# Laminar Flow or Thermal-Acoustic Engines



## Oldmechthings (Jan 14, 2008)

After building that one cylinder hot air engine, (my first post) and failing to get it to run, I was skeptical about one cylinder engines. I thought they might be a hoax. Then about a year ago I got another book on hot air engines written by Roy Darlington in England. Roy had a short chapter with a few pictures, only he called them Thermal-Acoustic engines. Then I got on the web and located a few more which even included some video clips of them running.
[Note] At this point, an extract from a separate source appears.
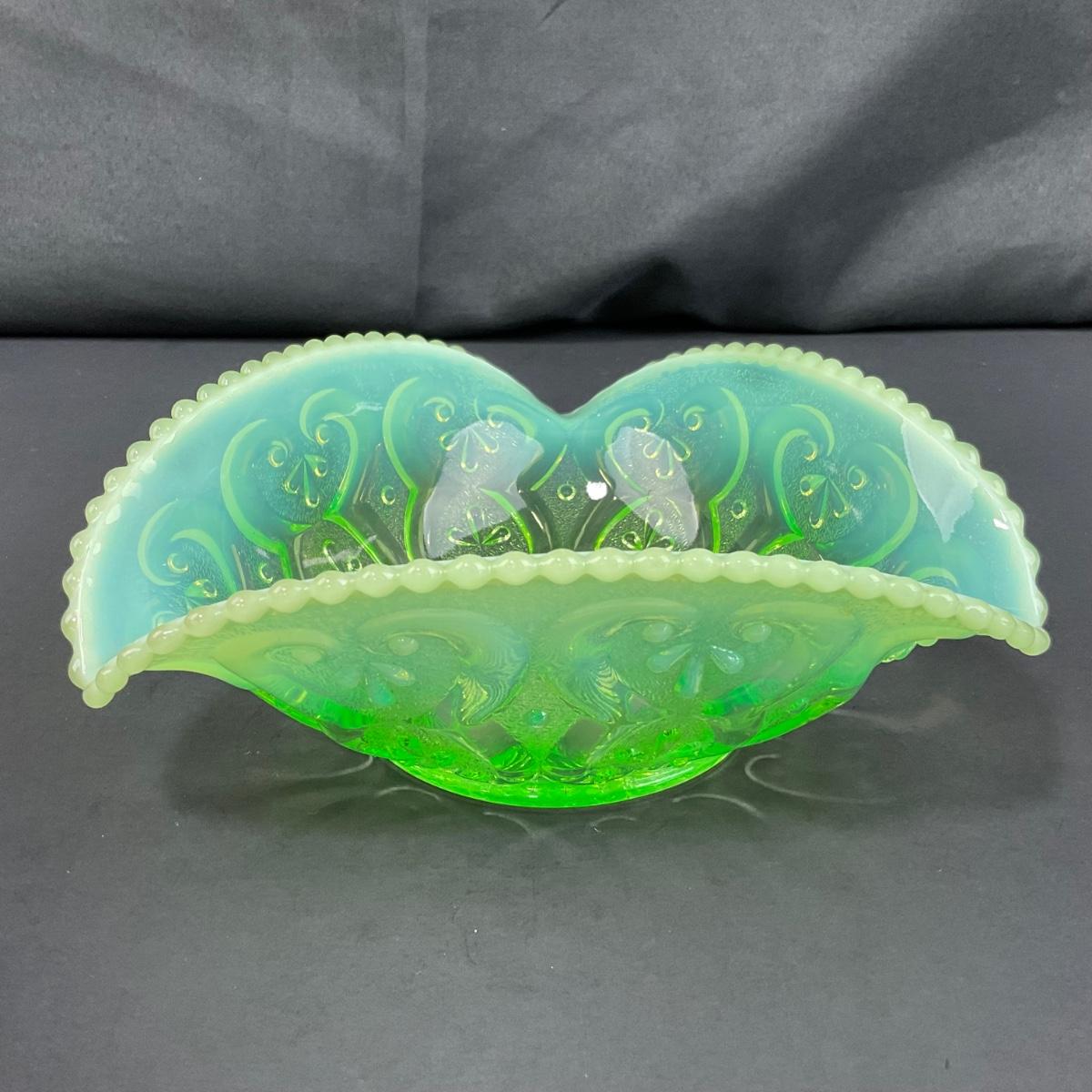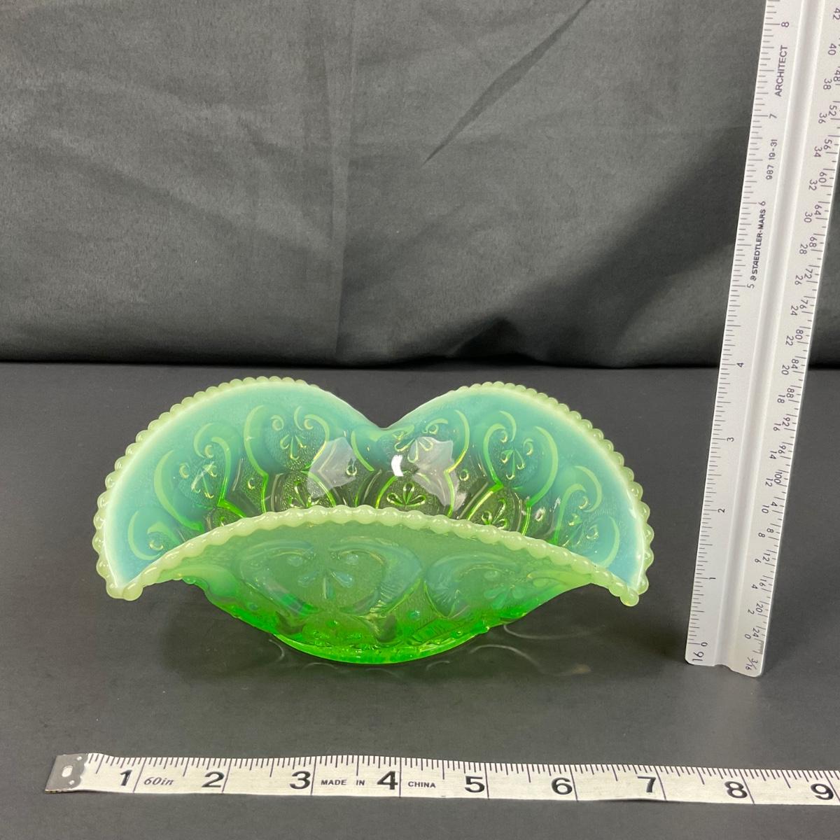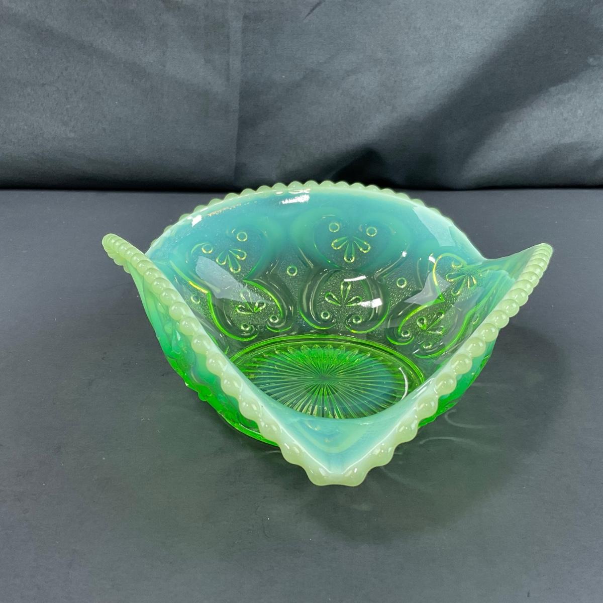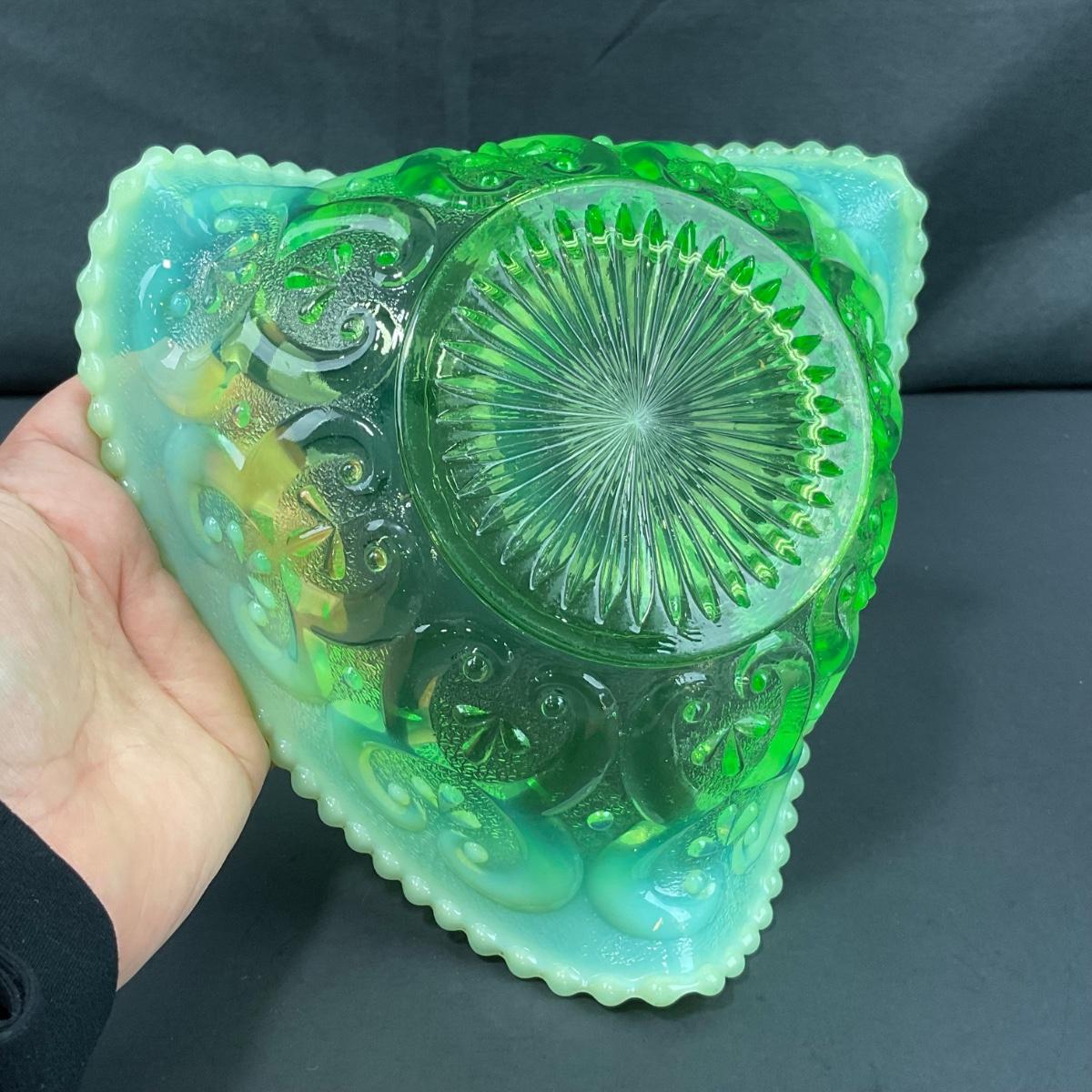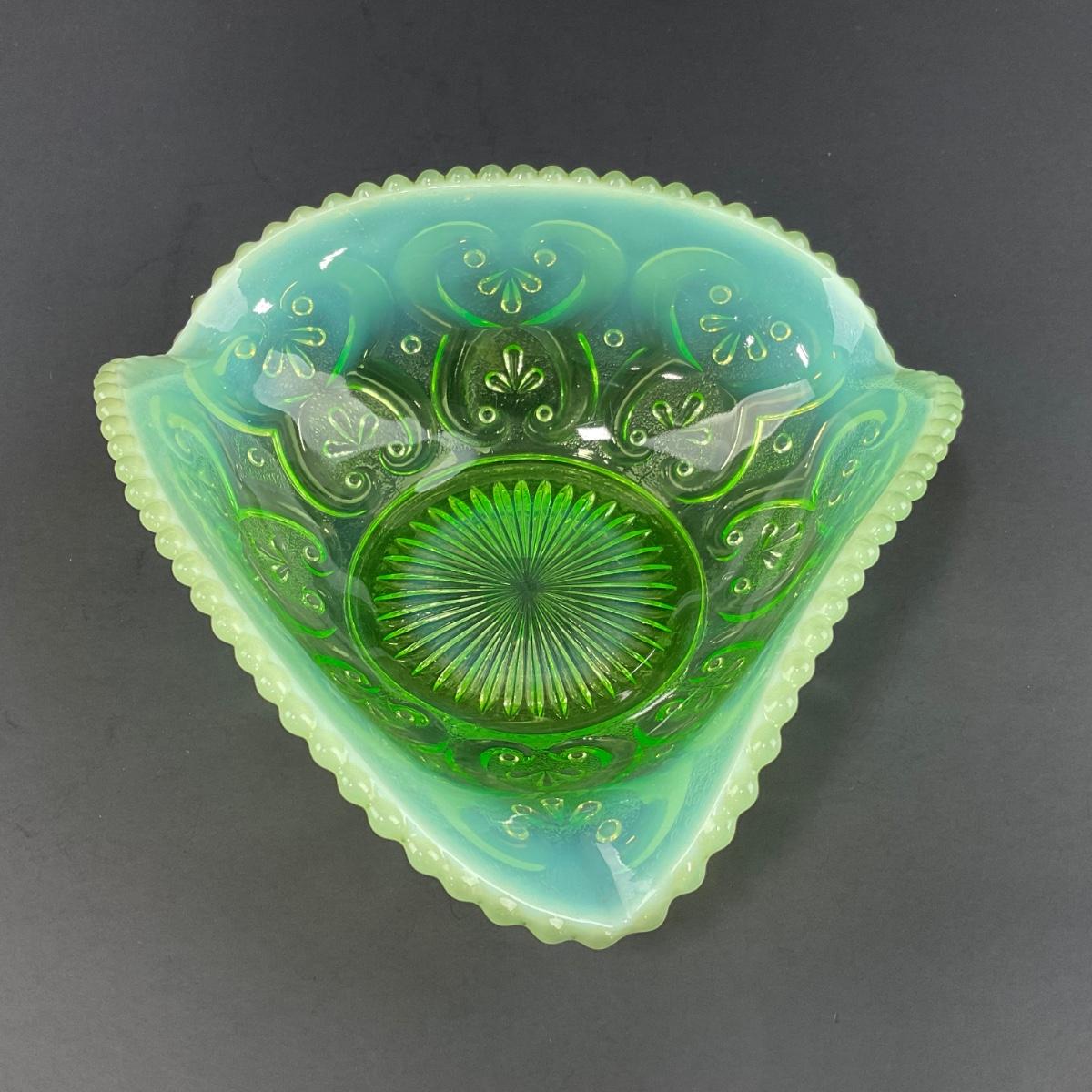 -124- URANIUM | Triangle Green Opalescent Bowl

That aroused my interest again so I proceeded to build one. I did not locate a plan, but there were pictures and good descriptions of construction.





Somewhat to my surprise, the darn thing runs, Not very fast, but about a steady 80 rpm. Don't ask me how or why, as I have no idea what makes it go. It seems to defy the laws of physics, at least as I understand them. For a piston engine to run it needs a pulsating pressure in the cylinder to push the piston back and forth. I would think applying heat to the tube would cause the air to expand and push the piston out where it would stay until the heat was removed and it cooled back down again.
It is unlikely that I'll build another one as I'm not much into building things that I do not understand


----------



## Powder keg (Jan 14, 2008)

That looks great!I've been meaning to ask for some pictures of that engine:O) I'd like to build one of those soon. Just to watch it run:O) Thanks for sharing. I fixed your link so it works now. Keep trying:O)

Wes


----------



## Oldmechthings (Jan 14, 2008)

Thanks so much for making the image come up. I do not know what I missed. Us old dogs learn new trick s-l-o-w sometimes.
   Birk


----------



## Kactiguy (Jan 14, 2008)

Birk, it's a good thing powder keg is around to fix things. I'll stop by and help you out again sometime soon. As for this engine, it looks great and it does work. I've seen it with my own eyes. I can't explain it, but I've seen it.


----------



## MechanicallyDeclined (Jan 14, 2008)

Hi Birk!

Looks like this forum has you well in hand. I'll hang out here too to see what you're going to post next!

David


----------



## Lyn S. (Jan 14, 2008)

I have built a L-Flow or T-Acoustic engine and have running very well. Nope I don`t
know how it runs, but it is fast. 825 RPM on a electronic tach.
 Can`t seem to post a picture on the fourm, but will send a picture to you by Email
 if you wish. Email add. be should on my profile
  Lyn S.


----------



## Powder keg (Jan 14, 2008)

Here is a video of Oldmechthings' lamina engine running:O) Great job.
[youtube=425,350]CEQ2Pue0kls[/youtube]

Enjoy, Wes


----------



## Powder keg (Jan 14, 2008)

I'm just glad I didn't delete all your stuff:O)

Wes


----------



## Brass_Machine (Jan 14, 2008)

that's pretty cool!

Eric


----------